The powers are, therefore, to be exercised to prevent miscarriage of justice and to prevent abuse of process of law by the authorities indiscriminately making pre-arrest of the accused persons. In entertaining such a petition under Article 226, the High Court is supposed to balance the two interests. On the one hand, the Court is to ensure that such a power under Article 226 is not to be exercised liberally so as to convert it into Section 438 Cr.P.C. proceedings, keeping in mind that when this provision is specifically omitted in the State of Uttar Pradesh, it cannot be resorted to as back door entry via Article 226. On the other hand, wherever the High Court finds that in a given case if the protection against pre-arrest is not given, it would amount to gross miscarriage of justice and no case, at all, is made for arrest pending trial, the High Court would be free to grant the relief in the nature of anticipatory bail in exercise of its power under Article 226 of the Constitution.
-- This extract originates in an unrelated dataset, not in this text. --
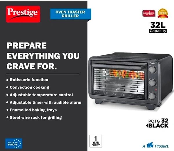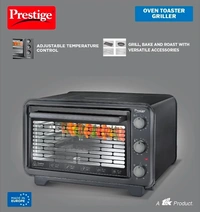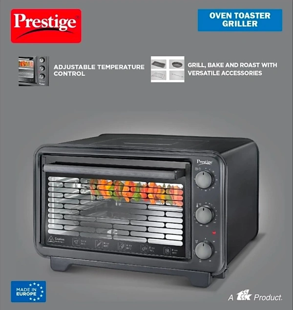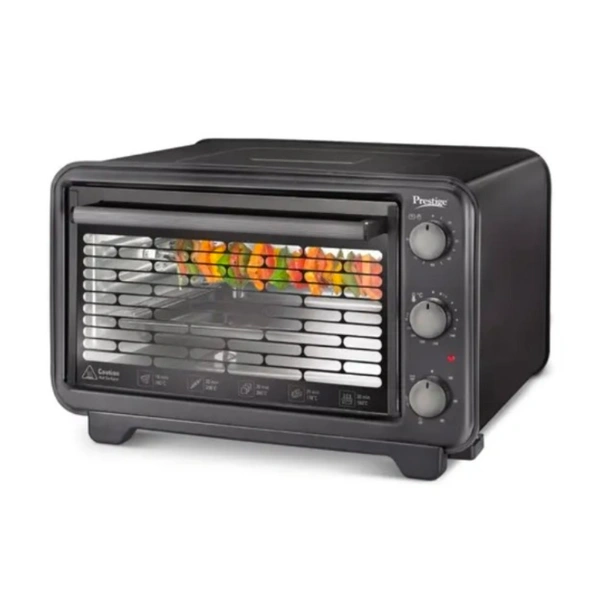 Prepare lip smacking delicacies like pizzas, tikkas, kebabs, cakes, breads, biscuits, parathas, baked vegetables, and much more with the Prestige Oven Toaster Grill. It's power packed with features like convection cooking for even cooking, full size glass door for better display, rotisserie function that makes cooking a blissful experience, and much more. It's time to experience the true joy of cooking. Specifications : Rotisserie Function Convection Cooking Adjustable Temperature Control Enamelled Baking Tray Round Baking Tray Steel Wire Rack Adjustable Timer With Audible

It is again clarified that this power has to be exercised sparingly in those cases where it is absolutely warranted and justified.” (Emphasis added) 17. In view of the above judgments as well as arguments advanced, we do not find any reason to interfere with the F.I.R. and there is no averment that police is not following law or is going to make any arbitrary and illegal arrest of petitioner. No case of gross miscarriage is pleaded or demonstrated. Hence protection under Article 226 as prayed cannot be directed. 18. In the result, there is no ground to quash F.I.R. and this Court also finds that no interim order staying arrest of petitioner is justified. Writ petition is accordingly dismissed.